─── Dataset excerpts
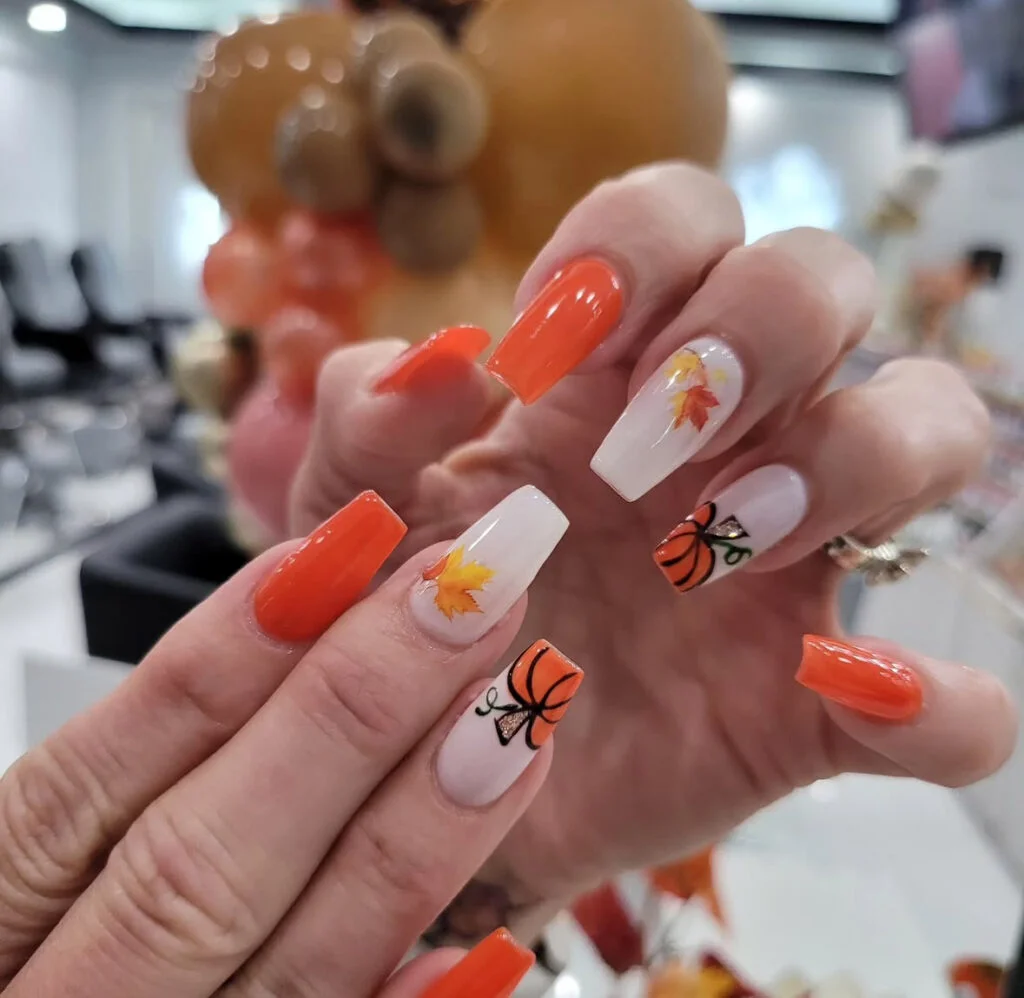 Juicy creamsicle gradients meet crisp white panels stamped with pumpkins and fluttery maple leaves—like your front porch décor, but wearable. Bright, cheerful, and absolutely doable at the salon or at home.
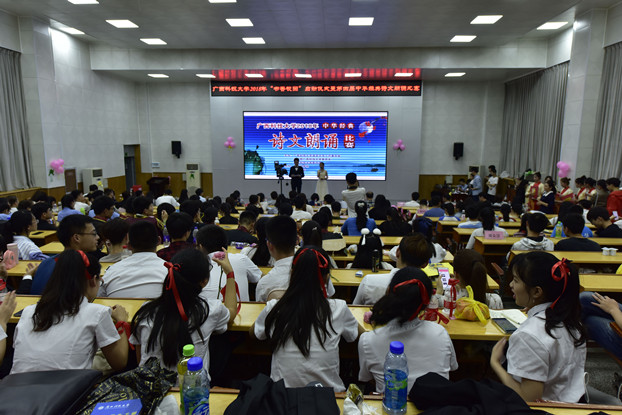 为深入学习贯彻党的十九大精神,弘扬中华文化,进一步促进高等院校精神文明建设和书香校园建设,4月13日晚,在第23个世界读书日即将来临之际,我校2018年“书香校园”读书活动启动仪式暨第四届中华经典诗文朗诵比赛在东环校区图书馆报告厅隆重举行。本次活动由教务处语委办、校团委和图书馆主办,晨光文学社、读书协会协办。柳州市朗诵委员会副会长柳州市孔子文化研究会办公室主任金笛、柳州中华文化促进会语言表演艺术学会秘书长吴荣熙、我校图书馆馆长梁晓天、教务处副处长吴佩玲、校团委副书记韦齐齐、图书馆副馆长莫均超、薛宏珍、省级普通话水平测试员教务处韦桂美老师以及教务处、团委和图书馆的其他老师代表参加了本次活动。来自艺术与传播学院的高楠与财经学院的于馨竹担任主持,全校各学院共19支参赛队伍及观众近250人参加了本次活动。
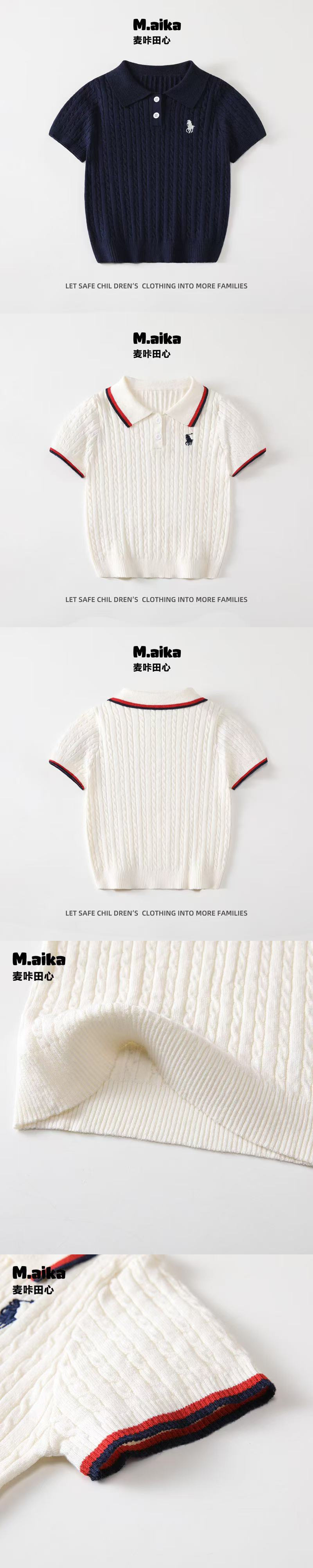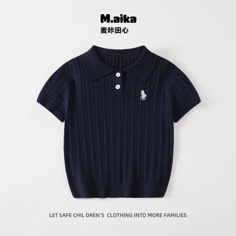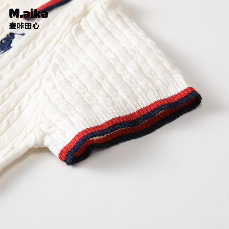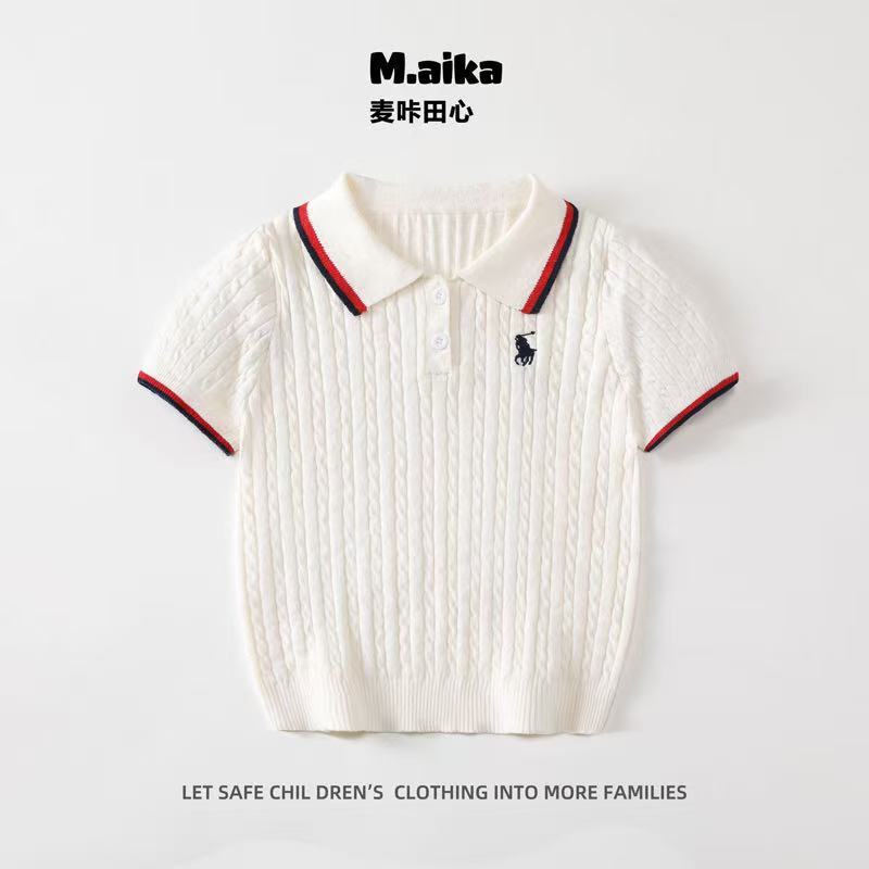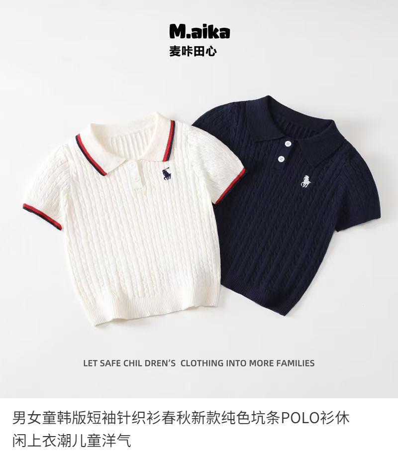 남학생과 여학생을 위한 한국식 반팔 스웨터, 봄과 가을 새로운 단색 핏 스트립 폴로 셔츠, 캐주얼 상의, 트렌디한 아동복스토어 가기
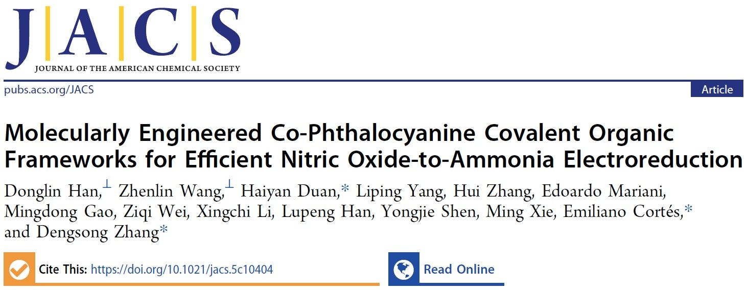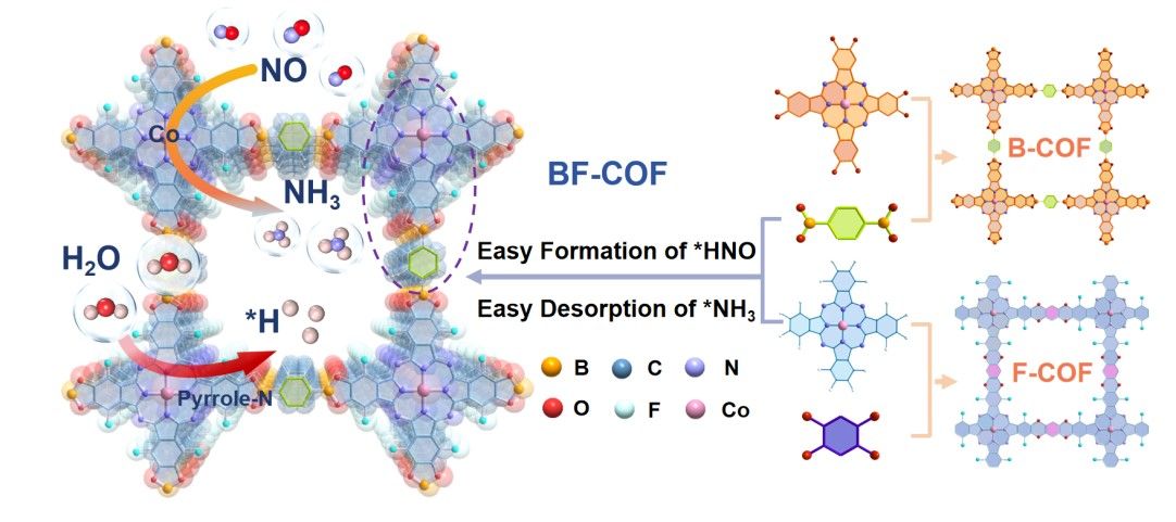 化石燃料燃烧、钢铁冶炼及垃圾焚烧等工业过程排放的氮氧化物,会诱发酸雨、光化学烟雾及细颗粒物生成,既加剧大气污染,又威胁人体健康,实现其持续深度减排与高效净化至关重要。 当前广泛应用的选择性催化还原技术,虽以氨为还原剂可在特定温度下将NO转化为氮气、具备较高实用潜力,却无法回收烟气中的氮资源。而采用电催化还原技术将其转化为氨等高附加值化学品,既能高效回收宝贵氮资源,又能实现烟气氮氧化物的综合治理与资源化,对推动氮循环优化及可持续发展具有关键意义。然而,NORR过程(NO + 5e− + 5H+ → NH3 + H2O)涉及多步质子-电子转移与复杂中间体演变,且易生成多种副产物(如H2, N2, NH2OH, N2H4等)。其核心瓶颈在于催化剂难以精准调控中间体(如HNO/NOH与NH3)的吸附强度:过弱会阻碍加氢步骤,过强则导致NH3脱附困难,从而降低氨产率与法拉第效率。共价有机框架作为一种新兴的通过共价键连接的晶态有机多孔材料,具有可调的周期性孔道、可设计拓扑结构和原子级分散的活性位点,在吸附、催化等领域大放异彩。这类新型共价有机框架为调控催化界面与中间体的吸附强度,揭示复杂的电催化反应机制,追踪催化界面电子和质子的动态演变过程提供了独特的研究视角。
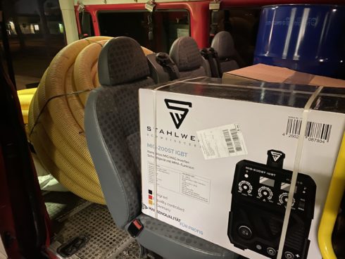 Sebastian Straub besucht uns in der Neusser Privatschule und holt dringend benötigtes Material, Computer+Bildschirme (Vielen Dank an Familie Tilling!) und ein Schweißgerät ab.
──────
*Problem details*. Pictures do not belong in the copy. Repeat only the lines from the top of the records through the line containing "남학생과 여학생을 위한".

*Response area*.
 Juicy creamsicle gradients meet crisp white panels stamped with pumpkins and fluttery maple leaves—like your front porch décor, but wearable. Bright, cheerful, and absolutely doable at the salon or at home.
 为深入学习贯彻党的十九大精神,弘扬中华文化,进一步促进高等院校精神文明建设和书香校园建设,4月13日晚,在第23个世界读书日即将来临之际,我校2018年“书香校园”读书活动启动仪式暨第四届中华经典诗文朗诵比赛在东环校区图书馆报告厅隆重举行。本次活动由教务处语委办、校团委和图书馆主办,晨光文学社、读书协会协办。柳州市朗诵委员会副会长柳州市孔子文化研究会办公室主任金笛、柳州中华文化促进会语言表演艺术学会秘书长吴荣熙、我校图书馆馆长梁晓天、教务处副处长吴佩玲、校团委副书记韦齐齐、图书馆副馆长莫均超、薛宏珍、省级普通话水平测试员教务处韦桂美老师以及教务处、团委和图书馆的其他老师代表参加了本次活动。来自艺术与传播学院的高楠与财经学院的于馨竹担任主持,全校各学院共19支参赛队伍及观众近250人参加了本次活动。
 남학생과 여학생을 위한 한국식 반팔 스웨터, 봄과 가을 새로운 단색 핏 스트립 폴로 셔츠, 캐주얼 상의, 트렌디한 아동복스토어 가기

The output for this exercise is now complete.